Shicheng-Guo commented 2 years ago

BTW: Is there any GTEx-V8-pre-calculated clumped SNPs to download directly?

gaow commented 2 years ago

@Shicheng-Guo which workflow are you referring to? In our applications we mostly have the matching genotypes so we don't really use reference panels as far as I can recall, for most workflows in this repo.

Shicheng-Guo commented 2 years ago

Thanks Gao for your response. I mean the workflow below:

https://github.com/cumc/bioworkflows/blob/master/GWAS/LD_Clumping.ipynb

Thanks

Shicheng

Shicheng-Guo commented 2 years ago

I notice lots of papers use 1000Genme-EUR as reference, however, I prefer to use UKB-WGS individual data as reference. my question is what's the best sample size to use? 150K WGS data will make the process very time-consuming while sample number sample size may cause biased LD-clumping.

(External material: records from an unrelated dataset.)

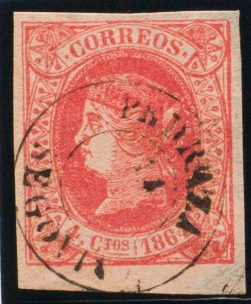64. 1864. 4 red cuartos . Postmark CABUERNIGA VALLEY / SANTANDER. MAGNIFICENT AND RARE.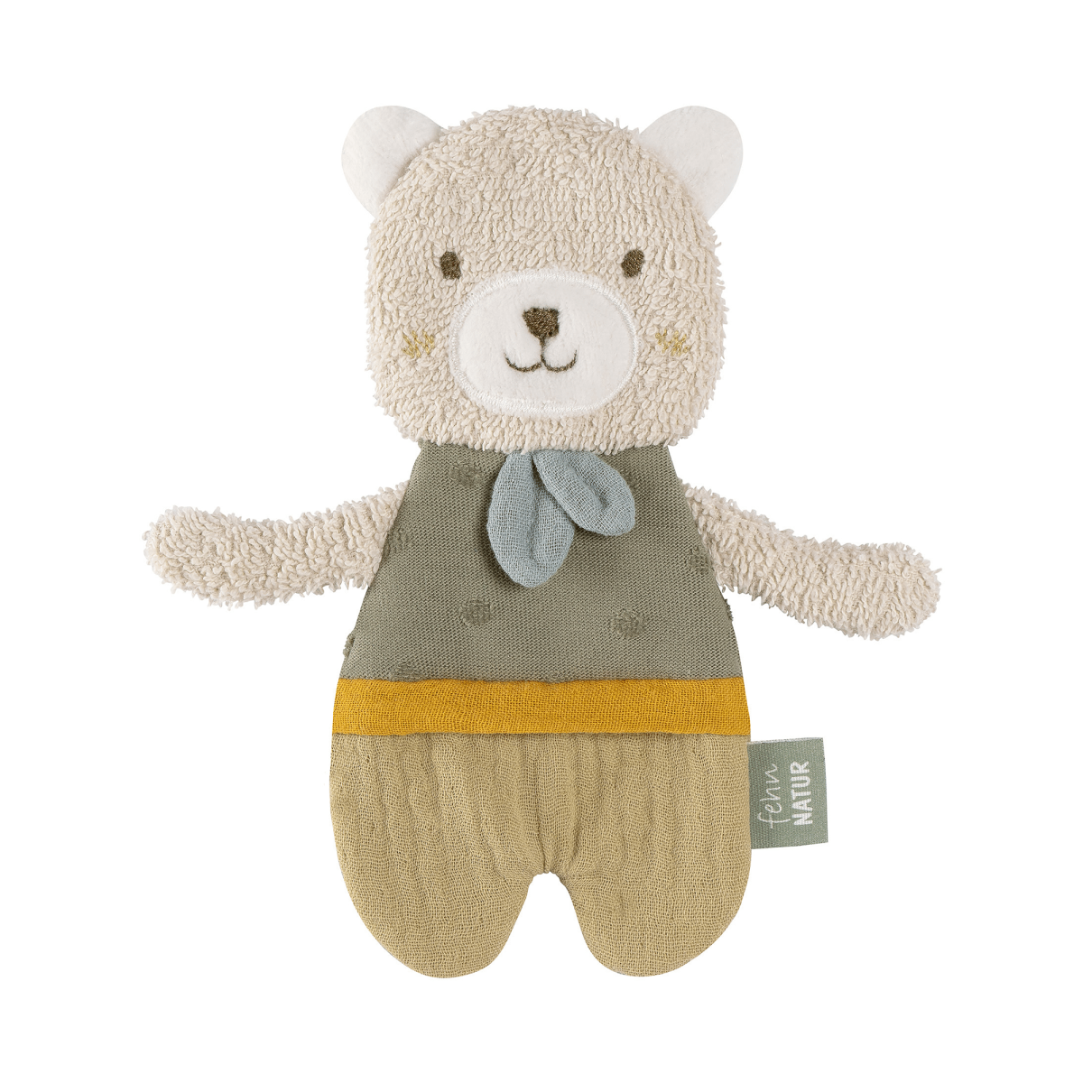 Dieser niedliche Knister-Bär aus der fehnNATUR® Kollektion ist der ideale Begleiter für Babys und Kleinkinder von Geburt an. Er regt spielerisch Babys Sinne an und fördert gleichzeitig die Motorik. Mit den anregenden Geräuschen des verborgenen Raschelpapiers wird es nie langweilig.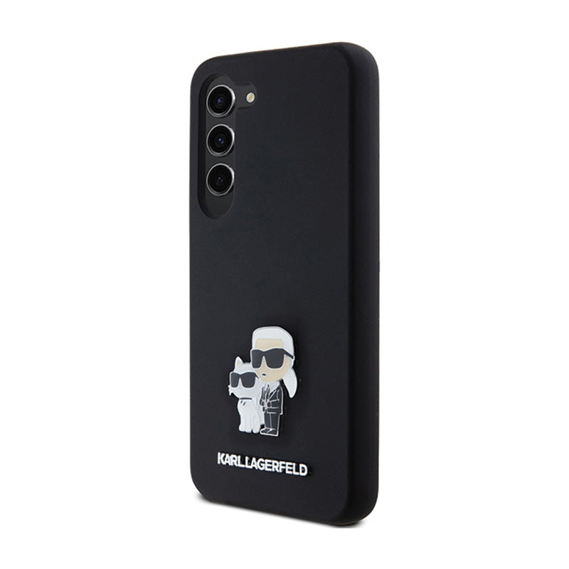 Karl Lagerfeld silikonas Karl & Choupette Metal Pin - dėklas, skirtas Samsung Galaxy S24 (juodas)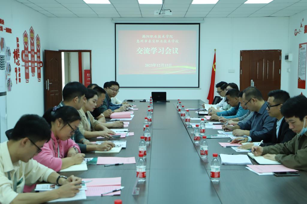 12月15日,副院长李桂鑫携招生就业处、艺术与体育系相关人员赴惠州求实职业技术学校进行工作交流。两校就艺术设计类专业“三二分段”联合办学、专业建设等方面进行了深入探讨。招生就业处负责人向亚林、艺术与体育系负责人巫会朋等一同参加了活动。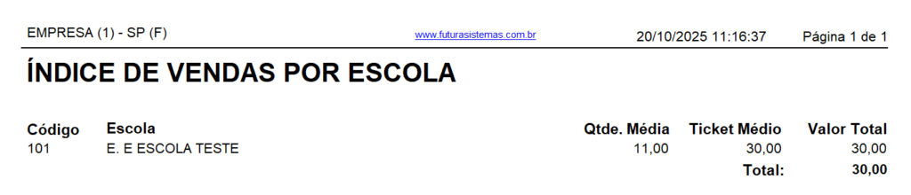 Modelo: Índice de Vendas Por Escola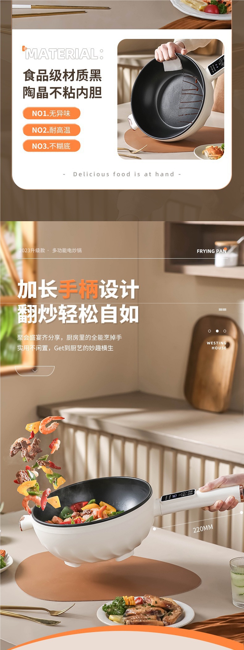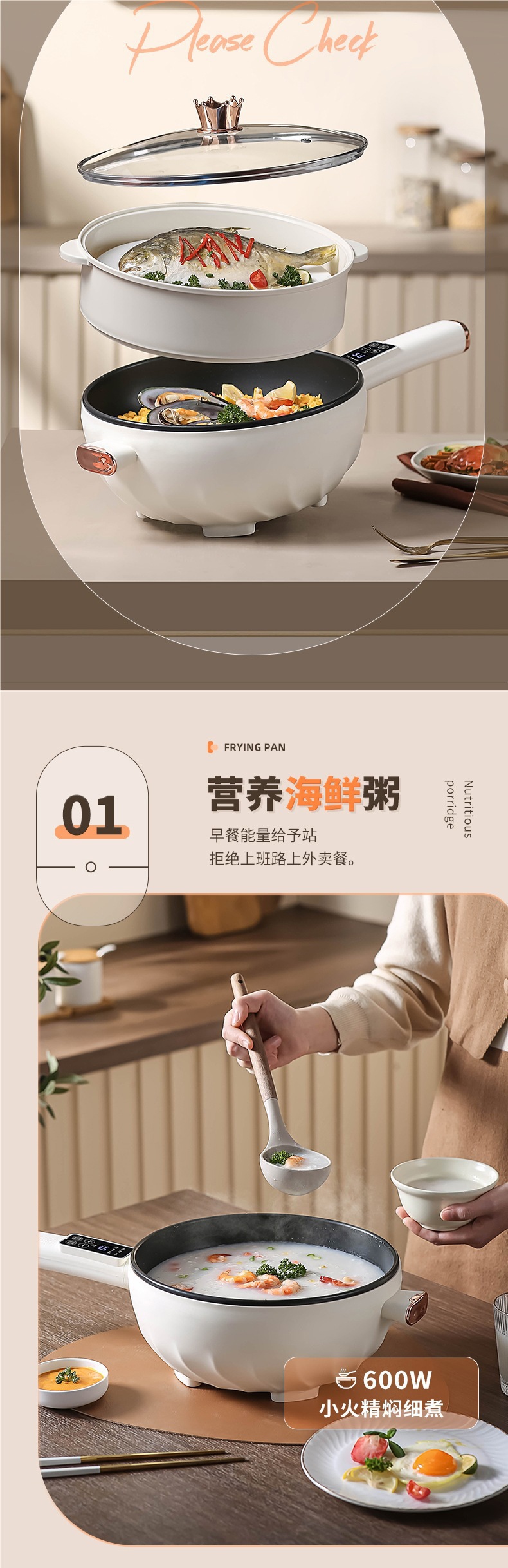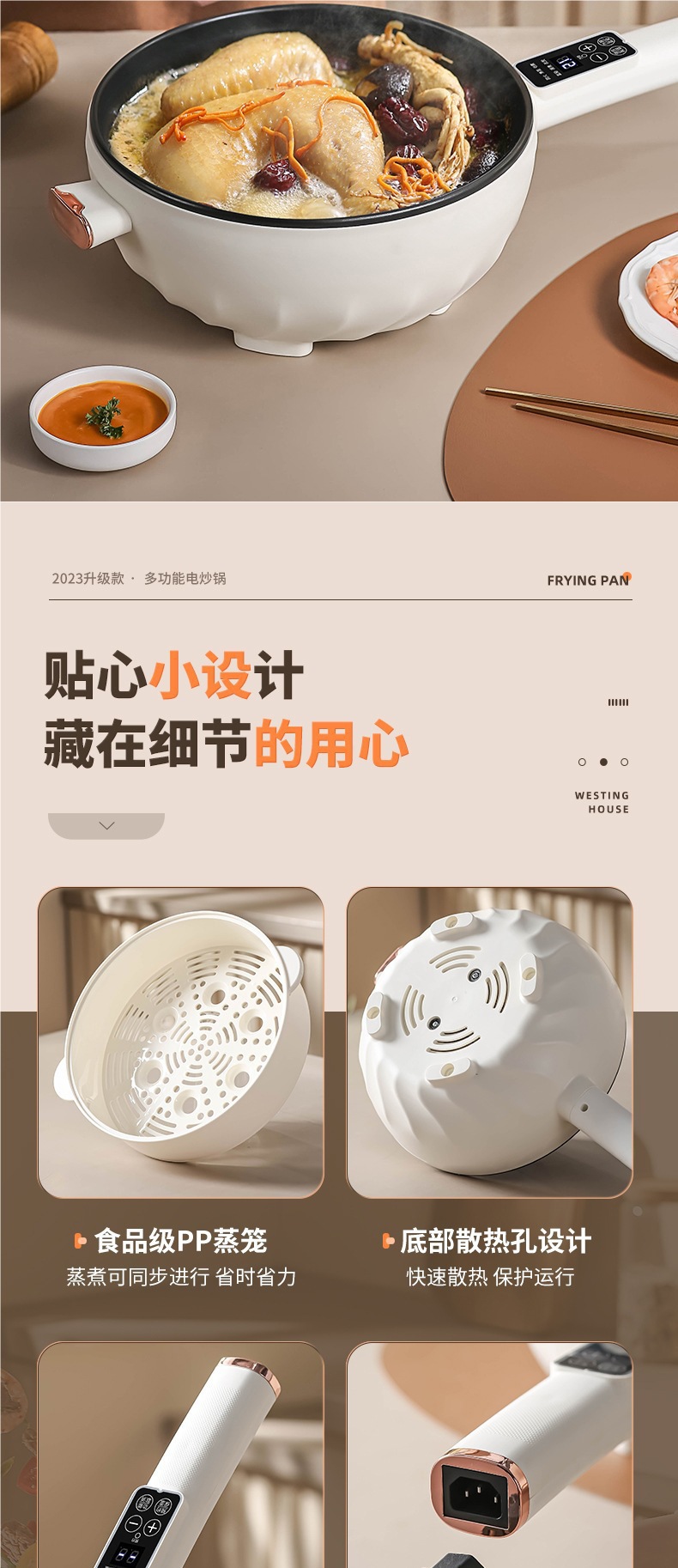 인기 판매 전기 요리 냄비 다기능 가정용 찜, 튀김 및 볶음 올인원 전기 냄비 기숙사 소형 전기 요리 냄비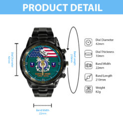 Make your Black Stainless Steel Watch uniquely yours by adding your custom information such as name, rank, and years of service. This personalized detail adds a special touch, celebrating your military journey with elegance and grace.
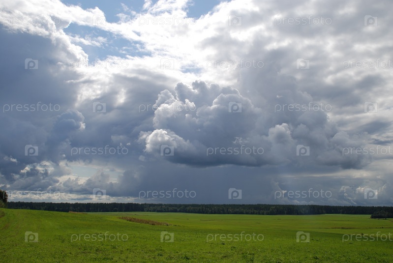Бело-голубые облака над зеленым полем. Над большим неровным полем с зеленой травой, по краям которого растет лес, низко висят большие белые дождевые облака, сквозь которые проглядывает голубое небо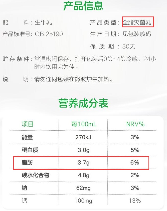 2、全脂奶的脂肪含量3%-4%,脱脂奶小于0.5%,低脂奶1.0%-1.5%。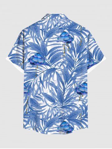 Plus Size Tropical Leaf Flowers Print Buttons Pocket Hawaii Shirt For Men - Blue - 6xl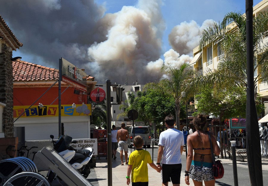 Read morePeople walk in the street as smoke rises from a fire burning a forest in Bormes-les-Mimosas, southeastern France, on July 26, 2017. #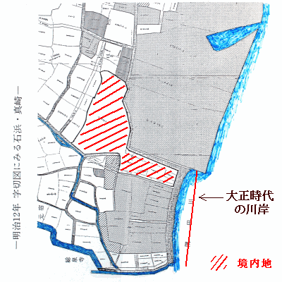 石浜城址について調べる為に荒川区の郷土資料館で過去の調査資料を探したところ、石浜城址についての 研究レポートを纏めた小冊子があって、その中に左下のような図が掲載されていました。これは明治12年 の字切図との事ですが、全ての区割りに何町歩とかの面積が記載されているので、今でいうところの地積図 ではないかと思います。このレポートの著者は左側の水路が折れ曲がっている事に注目して、これを石浜城 の外堀遺構ではないかと推論しているのですが、私はむしろ、図の灰色部分が石浜城の痕跡を示すものでは ないかと考えました。 この図の白地で区割りされている土地は水田で、灰色の部分は屋敷地、斜線部分は畑地とのことで、屋敷 地は水田よりも一段高くなっているものですし、畑も水が引けない土地ですから微高地になっていたと考え られます。つまり灰色や斜線で表されている微高地が、東側の隅田川と、白地で区割りされている水田地帯 に囲まれて、島のように浮かんでいる地形が読み取れるのです。 それでは、この城跡の地が現在のどの場所に当たるのか、いきなり今の地図と照らし合わせても、市街化 され区画整理の進んだ地図を見たのでは雲をつかむような話です。しかし区画整理される以前の大正時代の 地図となら、右下の地図のように古い道も残されているので何とか照合出来そうです。 | |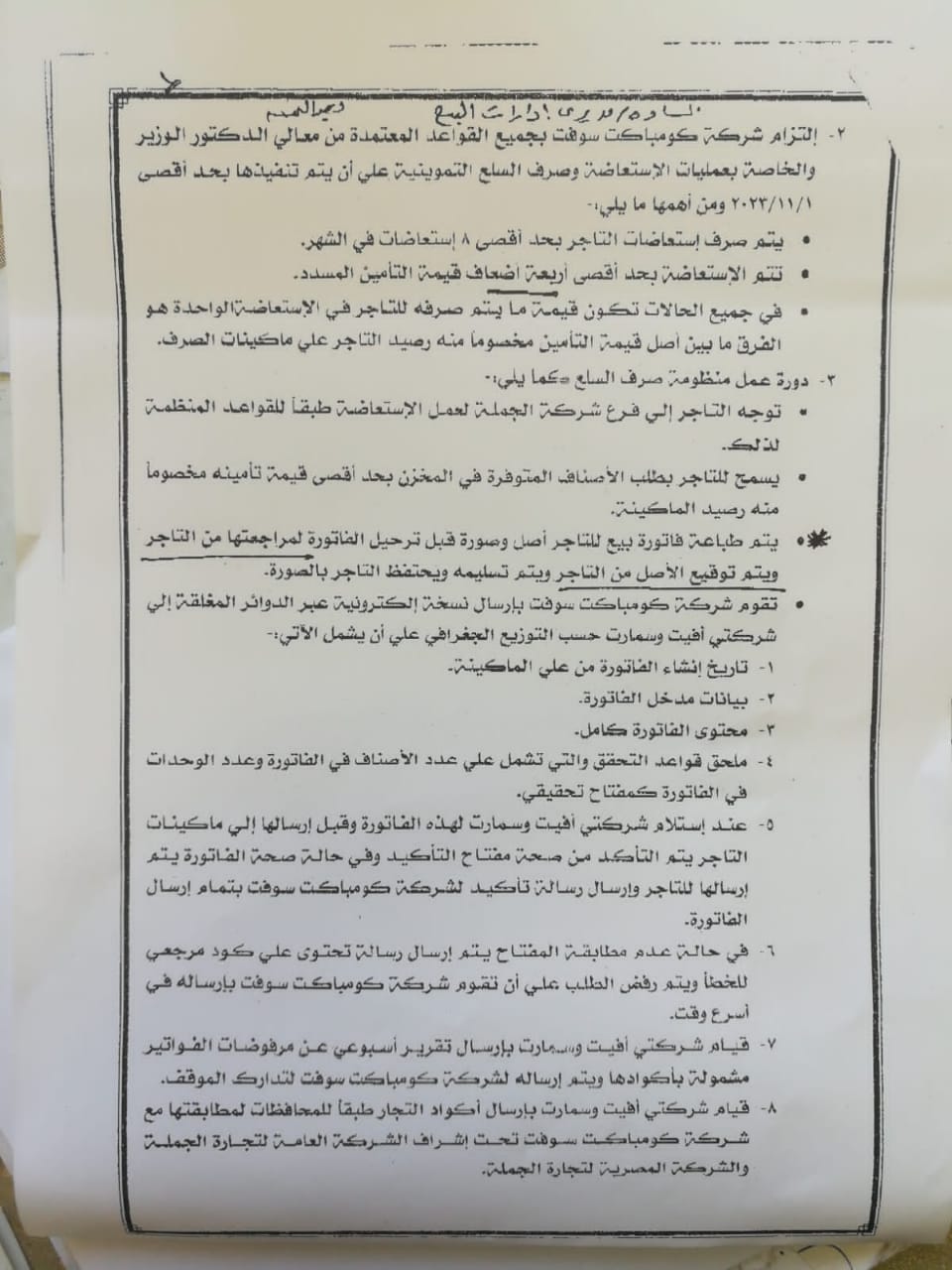 أولًا: إلتزام شركة كومباكت سوفت بجميع القواعد المعتمدة من وزير التموين والخاصة بعمليات الاستعاضة وصرف السلع التموينية على أن يتم تنفيذها بحد أقصى 2023/11/1 ومن أهمها ما يلى:-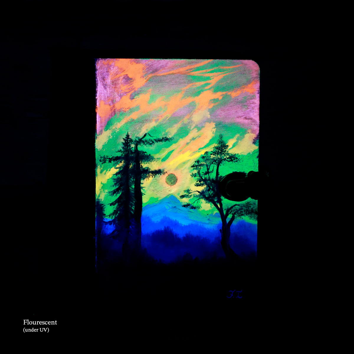 Please note that paintings created with fluorescent paint are less lightfast than those with traditional oil paints and may fade faster depending on exposure to sunlight and how they are kept. To enhance their longevity, all works are finished with a UV-protective varnish, but minimizing direct sunlight exposure is recommended.
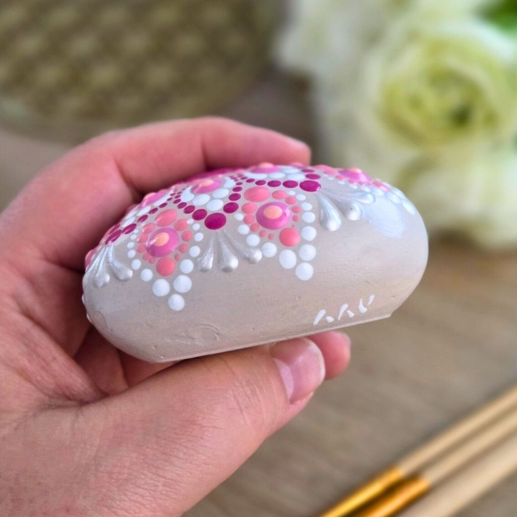 Le geste est ici précis, partant d’un centre fuchsia profond pour s’ouvrir vers des nuances plus tendres et lumineuses. Chaque point est une pulsation, un battement de cœur rendu visible. Le fuchsia symbolise ici la puissance du chakra du cœur lorsqu’il ose s’exprimer pleinement, tandis que les reflets dorés et blancs apportent la touche de sacré et de pureté nécessaire à l’équilibre. C’est un dialogue entre force et délicatesse.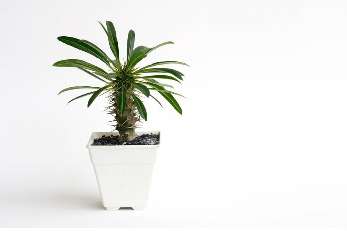 パキポディウム・ラメリーは、ビザーツプランツ(珍奇植物)の代表的存在。トゲが映えた力強い幹×優しい印象をした葉のコントラストがユニークな植物です。
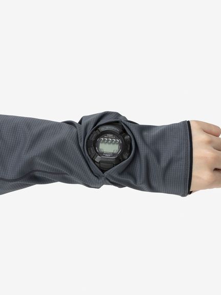 やや長めに設定した袖はサムホール仕様で、袖をめくることなく腕時計の表示が確認できるウォッチウィンドウを両腕に装備。銀イオンによるポリジン・ステイフレッシュ加工の抗菌防臭性を備えています。通気を考慮したややゆとりのあるシルエットで日常のランニングに着用しやすく、暑い時期の快適さを高めてくれるアイテムです。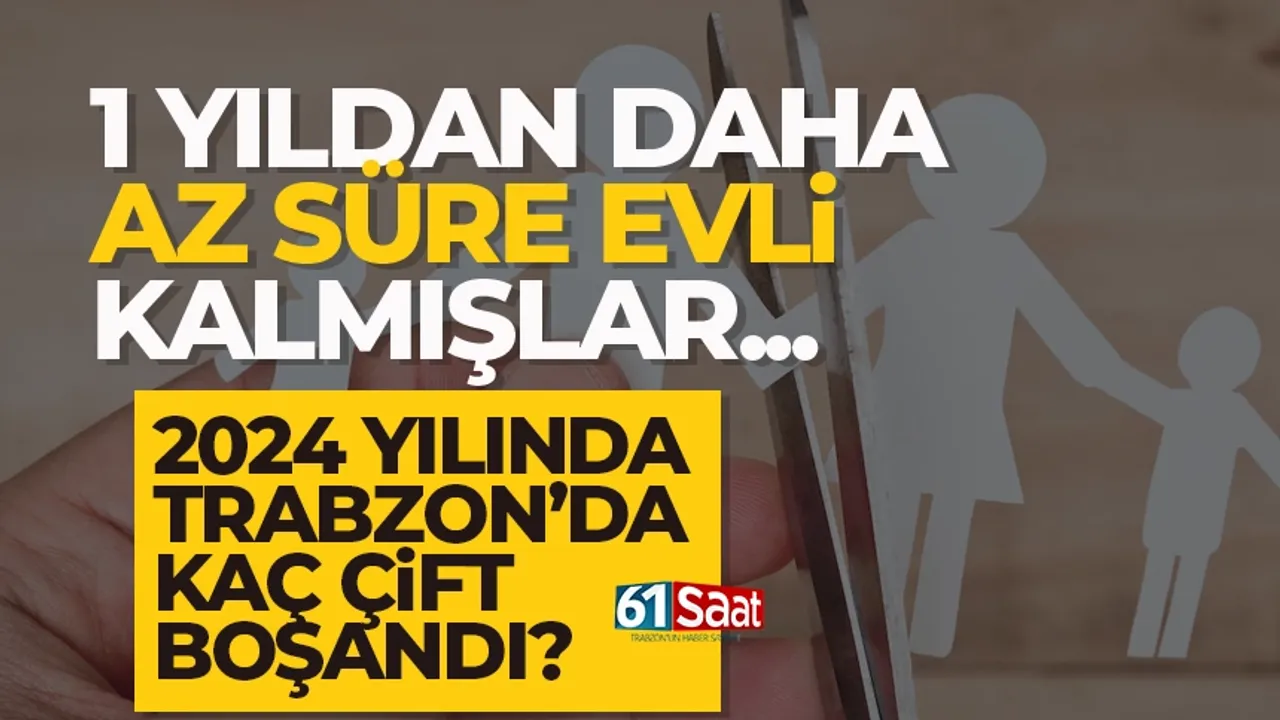 Trabzon’da boşanan 2024 yılında boşanan bin 81 çiftten, 26’sının 1 yıldan daha az, 76’sının 1 yıl, 54’ünün 2 yıl, 58’inin 3 yıl, 42’sinin 4, 52’sinin 5 yıllık evli olduğu kaydedildi.

@Shicheng-Guo which workflow are you referring to? In our applications we mostly have the matching genotypes so we don't really use reference panels as far as I can recall, for most workflows in this repo.

gaow commented 2 years ago

@Shicheng-Guo our LD clumping application was for association analysis with UK Biobank data -- that was why we selected subsets of UKB genotypes and used that as reference panel. We used 2000 samples I believe.

I don't think LD clumping is as picky as eg fine-mapping applications in terms of LD panel. Since our application was on UKB data itself, we believe 2000 samples is good enough of an approximation. We don't have the reference for GTEx V8 data. I have not formally assessed it, but if you are concerned, perhaps you can take a few regions of UKB data, try computing LD panel from sample sizes 500 to 10K see how robust your estimates are?